In general, every country has the language it deserves.
—Jorge Luis Borges (1899–1986) Argentine Writer, Essayist, Poet
The eyes have one language everywhere.
—George Herbert (1593–1633) Welsh Anglican Poet, Orator, Clergyman
Language is the amber in which a thousand precious thoughts have been safely embedded and preserved. It has arrested ten thousand lightning-flashes of genius, which, unless thus fixed and arrested, might have been as bright, but would have also been as quickly passing and perishing as the lightning. Words convey the mental treasures of one period to the generations that follow; and laden with this, their precious freight, they sail safely across gulfs of time in which empires have suffered shipwreck, and the languages of common life have sunk into oblivion.
—Richard Chenevix Trench (1807-86) Irish Prelate, Philologist, Poet
Dance is the hidden language of the soul.
—Martha Graham (1894–1991) American Choreographer
Language is a form of human reason, which has its internal logic of which man knows nothing.
—Claude Levi-Strauss (1908–2009) French Social Anthropologist, Philosopher
The theater, which is in no thing, but makes use of everything — gestures, sounds, words, screams, light, darkness — rediscovers itself at precisely the point where the mind requires a language to express its manifestations.

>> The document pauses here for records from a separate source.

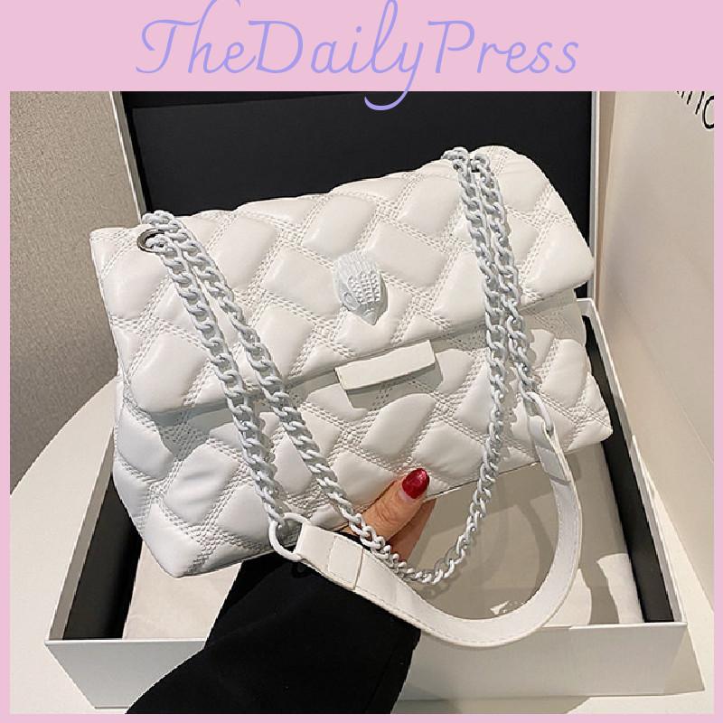 Trendy Quilted White Pu Handbag Stylish Shoulder Bag For Women Versatile Fashionable Use
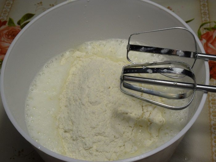 Добавляем просеянную муку и разрыхлитель. Хорошо взбиваем миксером.
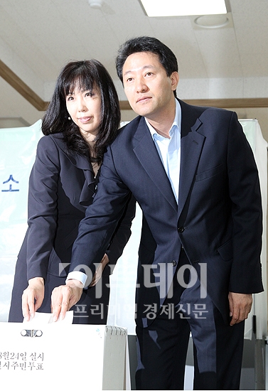 서울시 무상급식 주민투표일인 24일 오전 오세훈 서울시장이 종로구 혜화동 자치회관에 마련된 제2투표소를 찾아 부인 송현옥씨와 투표하고 있다.
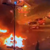 Roketin düştüğü noktada yangın çıkarken, park halindeki araçlar alev aldı.
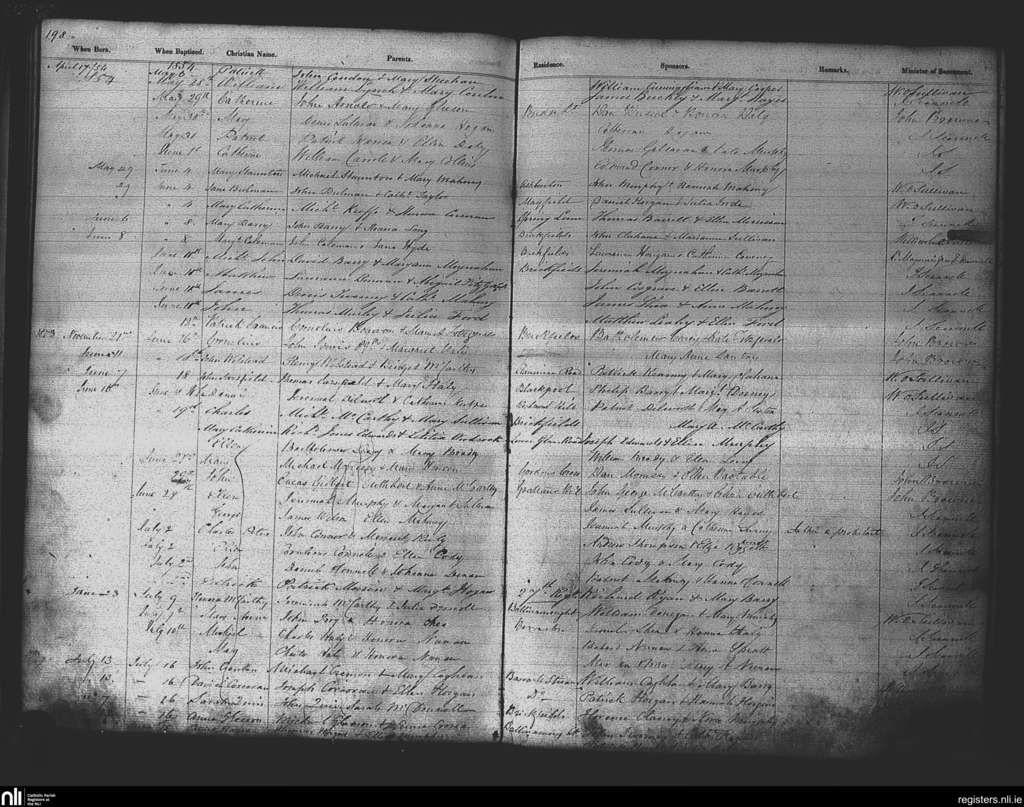 St. Patrick's, Cork city; County of Cork; Diocese of Cork and Ross. Baptisms, May 1854 to July 1854
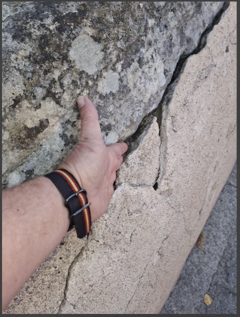 Si los de aquí y los de allí se fijan un poco verán que las grietas entre el revoque y las piedras son cada vez más amplias, incluso se pueden meter ya los dedos de la mano.
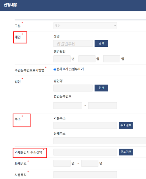 “과세물건지 주소선택” 입력칸에는 자동차 등록소재지를 작성해주세요.
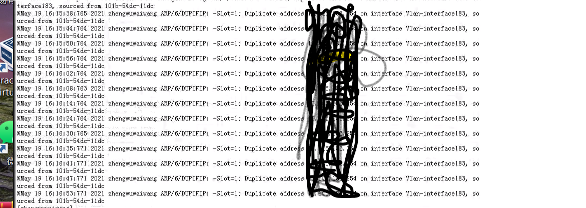 ip地址冲突了,将设备的接口地址修改下,然后display arp查下对应终端,确认下是否对应终端地址配置问题

To break through language in order to touch life is to create or recreate the theatre.
—Antonin Artaud (1896–1948) French Actor, Drama Theorist
Language is an archeological vehicle… the language we speak is a whole palimpsest of human effort and history.

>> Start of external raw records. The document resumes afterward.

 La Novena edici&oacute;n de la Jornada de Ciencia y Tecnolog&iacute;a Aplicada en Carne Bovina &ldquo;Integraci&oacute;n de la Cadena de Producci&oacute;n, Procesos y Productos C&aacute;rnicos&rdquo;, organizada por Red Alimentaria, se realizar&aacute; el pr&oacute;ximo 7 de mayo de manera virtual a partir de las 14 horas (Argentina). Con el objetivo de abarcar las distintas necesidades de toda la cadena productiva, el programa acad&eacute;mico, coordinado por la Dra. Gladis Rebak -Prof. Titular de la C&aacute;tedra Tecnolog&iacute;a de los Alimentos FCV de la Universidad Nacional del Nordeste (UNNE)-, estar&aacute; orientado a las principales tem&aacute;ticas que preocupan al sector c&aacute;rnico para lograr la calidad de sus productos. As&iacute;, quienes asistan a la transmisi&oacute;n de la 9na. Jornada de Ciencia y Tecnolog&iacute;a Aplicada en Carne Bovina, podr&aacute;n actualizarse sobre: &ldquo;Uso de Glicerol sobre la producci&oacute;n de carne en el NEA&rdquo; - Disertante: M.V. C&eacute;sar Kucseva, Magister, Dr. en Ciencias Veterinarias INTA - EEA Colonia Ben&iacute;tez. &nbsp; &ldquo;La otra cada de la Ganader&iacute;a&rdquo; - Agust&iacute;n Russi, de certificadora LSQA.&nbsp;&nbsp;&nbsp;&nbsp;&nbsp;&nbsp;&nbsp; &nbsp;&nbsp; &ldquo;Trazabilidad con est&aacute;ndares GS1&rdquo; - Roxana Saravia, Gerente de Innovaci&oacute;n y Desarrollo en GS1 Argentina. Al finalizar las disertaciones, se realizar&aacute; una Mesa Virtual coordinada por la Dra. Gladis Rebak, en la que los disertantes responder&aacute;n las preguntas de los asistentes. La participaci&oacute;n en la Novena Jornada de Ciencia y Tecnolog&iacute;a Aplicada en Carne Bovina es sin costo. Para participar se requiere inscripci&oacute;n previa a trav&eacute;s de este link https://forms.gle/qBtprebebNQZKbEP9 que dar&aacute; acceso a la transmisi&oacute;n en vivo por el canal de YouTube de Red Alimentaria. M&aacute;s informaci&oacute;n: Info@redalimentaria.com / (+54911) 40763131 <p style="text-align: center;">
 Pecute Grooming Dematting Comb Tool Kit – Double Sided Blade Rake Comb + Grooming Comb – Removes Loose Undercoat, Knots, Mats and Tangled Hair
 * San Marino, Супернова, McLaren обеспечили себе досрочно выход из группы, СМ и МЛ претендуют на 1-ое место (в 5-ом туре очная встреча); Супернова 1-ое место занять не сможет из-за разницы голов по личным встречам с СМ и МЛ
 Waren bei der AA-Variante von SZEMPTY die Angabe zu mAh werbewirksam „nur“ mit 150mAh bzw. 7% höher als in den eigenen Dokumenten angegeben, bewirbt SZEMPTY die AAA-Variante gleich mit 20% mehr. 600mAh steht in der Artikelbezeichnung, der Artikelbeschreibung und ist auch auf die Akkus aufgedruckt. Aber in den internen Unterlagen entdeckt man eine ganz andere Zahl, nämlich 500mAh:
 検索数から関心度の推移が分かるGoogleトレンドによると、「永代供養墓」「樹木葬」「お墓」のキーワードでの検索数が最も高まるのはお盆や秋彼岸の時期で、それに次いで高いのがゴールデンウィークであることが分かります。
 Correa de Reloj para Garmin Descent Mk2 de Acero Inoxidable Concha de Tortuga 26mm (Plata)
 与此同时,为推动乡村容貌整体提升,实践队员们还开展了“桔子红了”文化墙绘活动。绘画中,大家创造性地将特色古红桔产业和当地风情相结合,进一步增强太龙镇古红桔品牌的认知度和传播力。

—Russell Hoban (1925–2011) American Novelist, Children’s Writer
The limits of my language are the limits of my mind. All I know is what I have words for.

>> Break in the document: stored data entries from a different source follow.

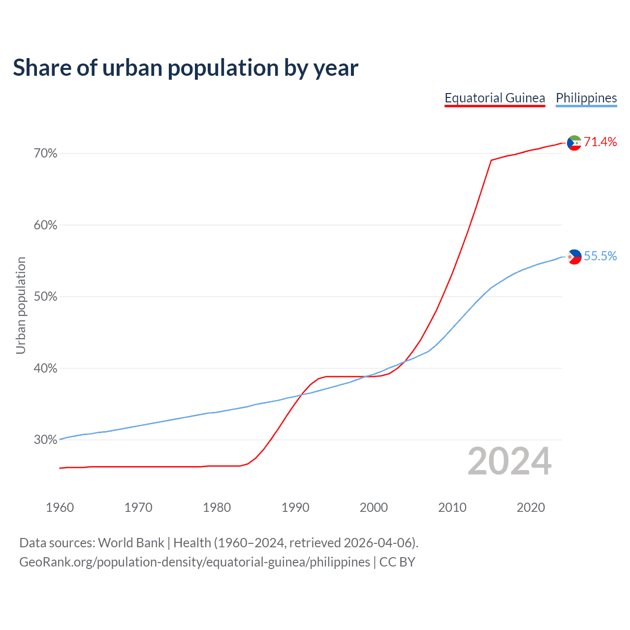 From 2004 to 2024, the share of urban population changed from 40.9% to 71.4% in Equatorial Guinea and from 40.9% to 55.5% in the Philippines.
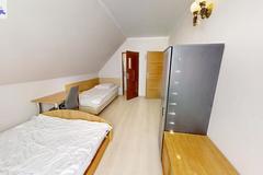 Na poddaszu - 128 m2, hol, 6 osobnych umeblowanych pokoi, każdy z łazienką.
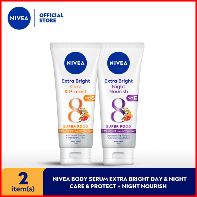 Nivea Body Serum Extra Bright Day Night - Care Protect Spf15 180ml Night Nourish Vit E 180ml
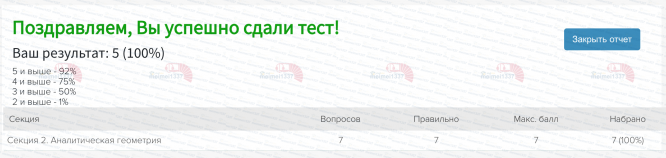 Ответы к заданиям КМ-2: КМ-2. Аналитическая геометрия. Тестирование - 100%
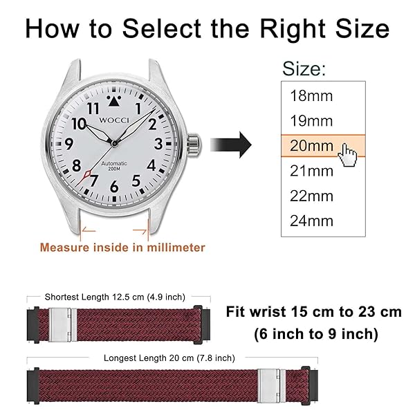 - WOCCI 21mm Braided Nylon Watch Band for Men and Women, Quick Release, Silver Stainless Steel Buckle (Red Black) with reliable performance and quality- Braided Watch Band: This watch strap is made of quality stretchable yarn interwoven with silicone threads with adjustable buckle, soft, lightweight, breathable, washable, durable and comfortable to wear. Perfect for sports and everyday use.- Upgraded Adjustment Buckle: This bracelet features an adjustable stainless steel meta
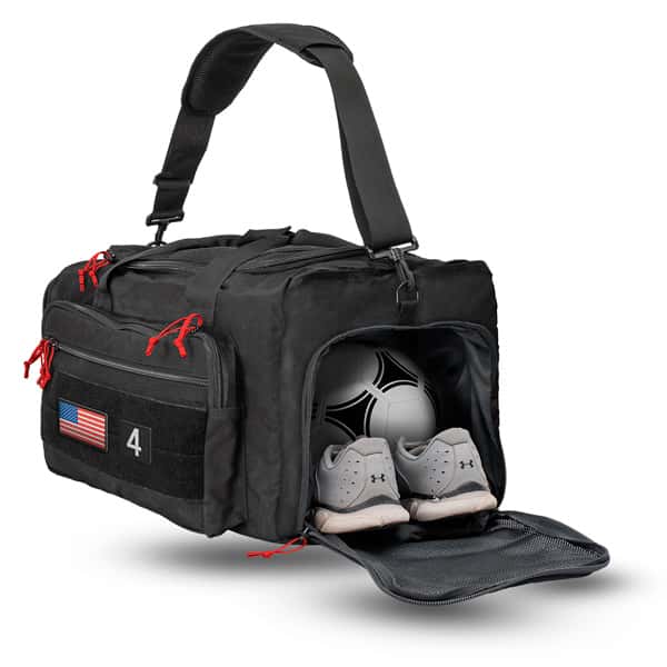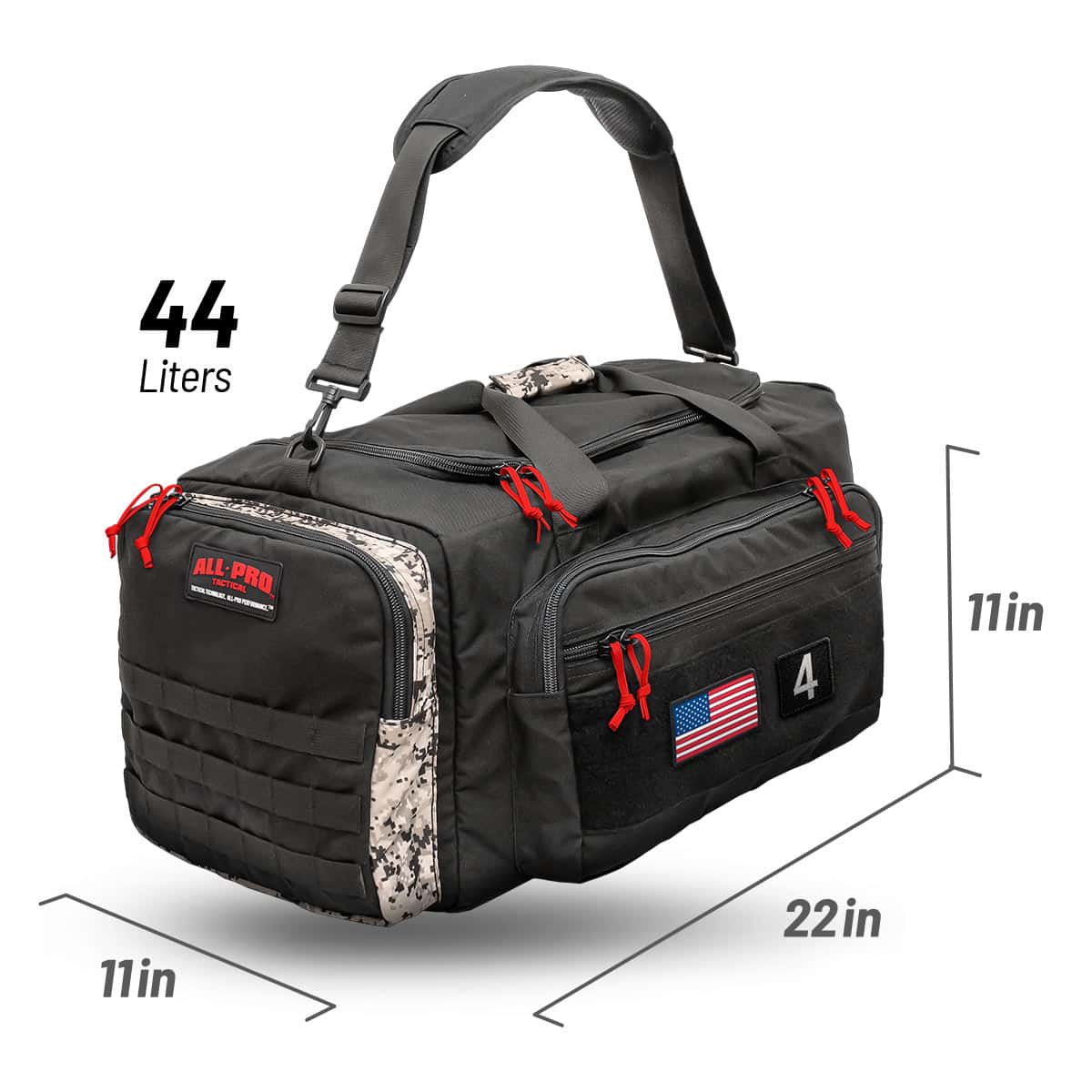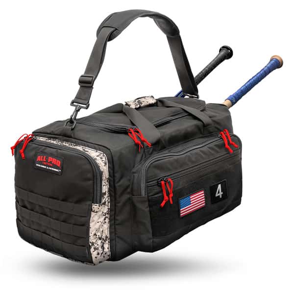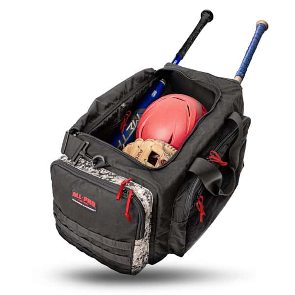 Any Ball, Any Bat, Any Stick, Any Sport. Backed by a lifetime guarantee by All-Pro Tactical. • Pack cloth lined end pocket with mesh vented door perfectly sized to carry balls, cleats and uniforms. • Two reinforced side panel openings for easy slide-in-slide-out storage of any bat or stick. • Heavy duty plastic molded zippers eliminate corrosion and sticking. • Full-length lined internal side pocket provides protection for glasses, phones and valuables. • Full zip main cargo compartment opens wide for easy access. • Top-zip extra large outer side pocket for storing additional necessities. • Full zip end pocket for for additional storage. • Built with abrasion resistant ballistic nylon for maximum durability. • Reinforced handle straps with padded handle for easy hoisting and carrying. • Super-padded shoulder strap with spacer mesh for airflow. • American Flag included. Size (L x W x H): 11″ x 22″ x 11″ Volume (liters): 44L

—Ludwig Wittgenstein (1889–1951) Austrian-born British Philosopher
Language is the light of the mind.
—John Stuart Mill (1806–73) English Philosopher, Economist
After all, when you come right down to it, how many people speak the same language even when they speak the same language?
—Russell Hoban (1925–2011) American Novelist, Children’s Writer
Language is the apparel in which your thoughts parade before the public. Never clothe them in vulgar or shoddy attire.
—George W. Crane (1901–95) American Psychologist, Physician
Mastery of language affords remarkable power.
—Frantz Fanon (1925–61) French-Martinique Psychoanalyst, Philosopher
All true language is incomprehensible, like the chatter of a beggar’s teeth.
—Antonin Artaud (1896–1948) French Actor, Drama Theorist
The English language is being augmented every year by about 400 new words. We cannot cope. We are drowning in the plethora. It
—Anthony Burgess (1917–93) English Novelist, Critic, Composer
The downtrodden, who are the great creators of slang.
—Anthony Burgess (1917–93) English Novelist, Critic, Composer
I ascribe a basic importance to the phenomenon of language. To speak means to be in a position to use a certain syntax, to grasp the morphology of this or that language, but it means above all to assume a culture, to support the weight of a civilization.
—Frantz Fanon (1925–61) French-Martinique Psychoanalyst, Philosopher
There is in every child a painstaking teacher, so skilful that he obtains identical results in all children in all parts of the world. The only language men ever speak perfectly is the one they learn in babyhood, when no one can teach them anything!
—Maria Montessori (1870–1952) Italian Physician, Educator
A different language is a different vision of life.
—Federico Fellini (1920–93) Italian Filmmaker
Language is like amber in its efficacy to circulate the electric spirit of truth, it is also like amber in embalming and preserving the relics of ancient wisdom, although one is not seldom puzzled to decipher its contents. Sometimes it locks up truths which were once well known, but which, in the course of ages, have passed out of sight and been forgotten. In other cases it holds the germs of truths, of which, though they were never plainly discerned, the genius of its framers caught a glimpse in a happy moment of divination.
—George Augustus Henry Sala (1828–95) British Journalist
If everything is perfect, language is useless. This is true for animals. If animals don’t speak, it’s because everything’s perfect for them. If one day they start to speak, it will be because the world has lost a certain sort of perfection.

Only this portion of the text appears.